Activity: Return the listing exactly, please; no pictures.

Data block:
__________________________________________________
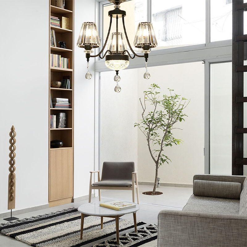 Modern Crystal Ceiling Chandelier With Tapered Design - Black Pendant Light Kit (3/6/8 Heads
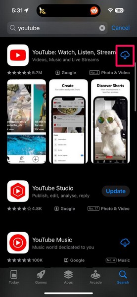 7.Menj aKeresés fülAz alsó navigációs sávon,Használja a fenti keresősávotA YouTube alkalmazás megtalálásához és aLetöltés gombmellette.
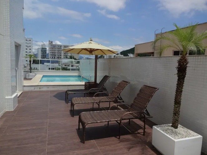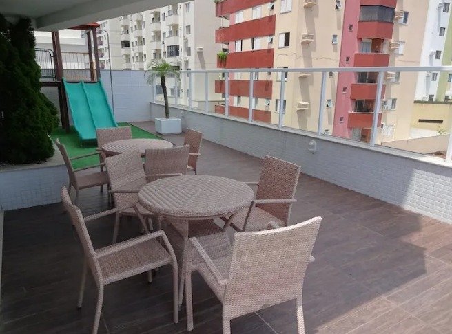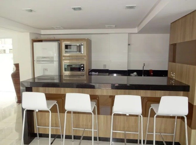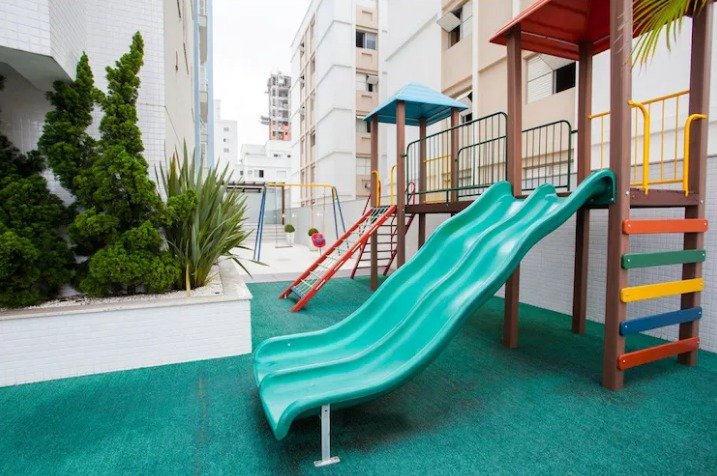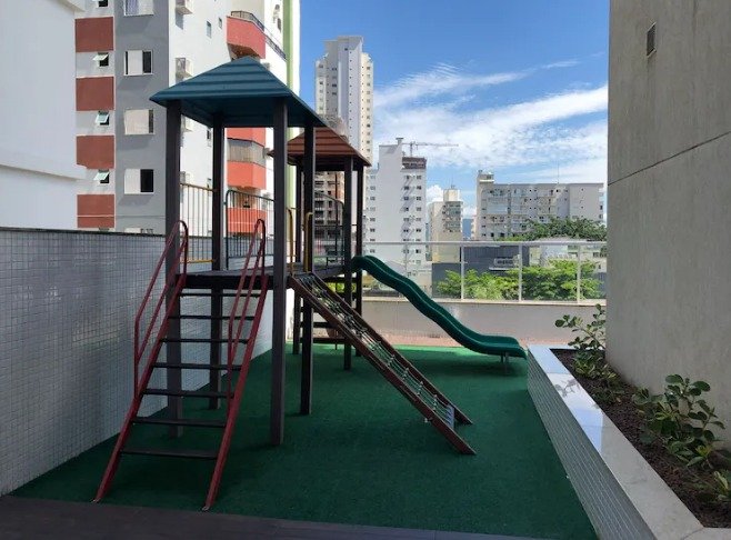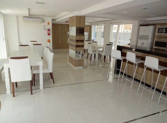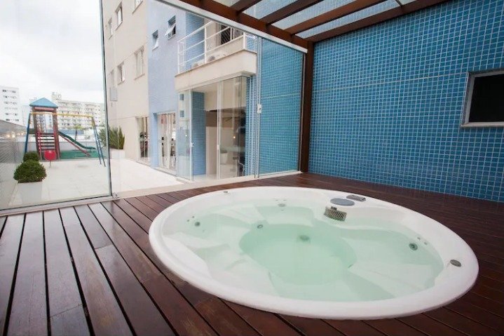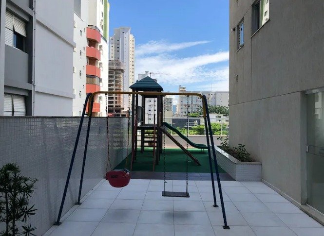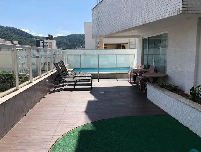 O condomínio ainda possui uma área de lazer completa, com playground, salão de festas, hall de entrada decorado e mobiliado, elevador, piscina, espaço fitness e uma piscina com deck de madeira incrível.
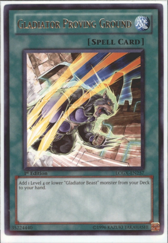 YuGiOh GX LCGX-EN257 1st Edition GLADIATOR PROVING GROUND Rare/Silver Card
__________________________________________________
Your solution:
 Modern Crystal Ceiling Chandelier With Tapered Design - Black Pendant Light Kit (3/6/8 Heads
 7.Menj aKeresés fülAz alsó navigációs sávon,Használja a fenti keresősávotA YouTube alkalmazás megtalálásához és aLetöltés gombmellette.
 O condomínio ainda possui uma área de lazer completa, com playground, salão de festas, hall de entrada decorado e mobiliado, elevador, piscina, espaço fitness e uma piscina com deck de madeira incrível.
 YuGiOh GX LCGX-EN257 1st Edition GLADIATOR PROVING GROUND Rare/Silver Card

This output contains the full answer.